§ Exercise details
Using the data below, transcribe exactly everything from the line that contains "Náhradná plechová lakovaná" down to the line that contains "我们半交互式 Transformer (Half-Shuffle". Include both of those lines and none of the pictures.

§ Extracted information
Content starts

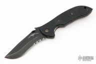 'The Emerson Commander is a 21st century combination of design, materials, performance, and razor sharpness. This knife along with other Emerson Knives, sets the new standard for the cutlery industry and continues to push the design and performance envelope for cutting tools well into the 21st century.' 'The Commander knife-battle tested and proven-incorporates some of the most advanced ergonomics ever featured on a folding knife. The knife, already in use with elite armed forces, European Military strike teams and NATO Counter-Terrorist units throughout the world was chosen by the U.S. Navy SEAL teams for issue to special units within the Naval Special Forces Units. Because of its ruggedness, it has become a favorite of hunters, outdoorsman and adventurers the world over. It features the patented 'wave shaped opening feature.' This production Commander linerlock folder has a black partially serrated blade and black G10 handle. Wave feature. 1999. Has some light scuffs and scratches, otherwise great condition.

Content ends
Content starts

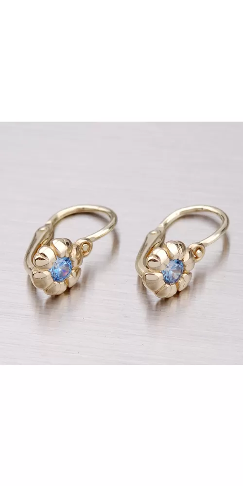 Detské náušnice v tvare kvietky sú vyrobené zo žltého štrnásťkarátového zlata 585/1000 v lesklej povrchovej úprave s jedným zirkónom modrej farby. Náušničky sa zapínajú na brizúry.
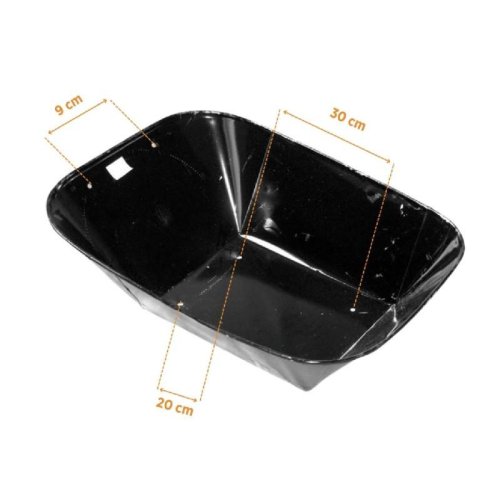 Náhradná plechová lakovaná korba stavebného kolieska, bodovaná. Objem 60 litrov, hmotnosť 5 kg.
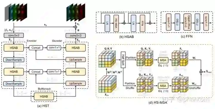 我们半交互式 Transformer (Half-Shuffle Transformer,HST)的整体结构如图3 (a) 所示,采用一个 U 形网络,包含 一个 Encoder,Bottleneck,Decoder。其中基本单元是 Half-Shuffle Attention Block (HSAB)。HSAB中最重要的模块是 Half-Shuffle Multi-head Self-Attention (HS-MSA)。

Content ends
Content starts

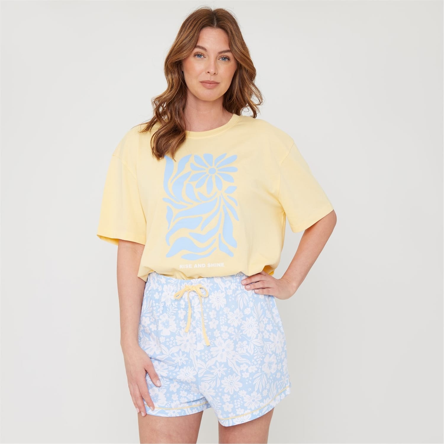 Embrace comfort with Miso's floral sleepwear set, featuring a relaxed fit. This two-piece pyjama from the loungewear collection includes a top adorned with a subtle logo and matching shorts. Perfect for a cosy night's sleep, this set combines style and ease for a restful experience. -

Content ends

§ Answer
 Náhradná plechová lakovaná korba stavebného kolieska, bodovaná. Objem 60 litrov, hmotnosť 5 kg.
 我们半交互式 Transformer (Half-Shuffle Transformer,HST)的整体结构如图3 (a) 所示,采用一个 U 形网络,包含 一个 Encoder,Bottleneck,Decoder。其中基本单元是 Half-Shuffle Attention Block (HSAB)。HSAB中最重要的模块是 Half-Shuffle Multi-head Self-Attention (HS-MSA)。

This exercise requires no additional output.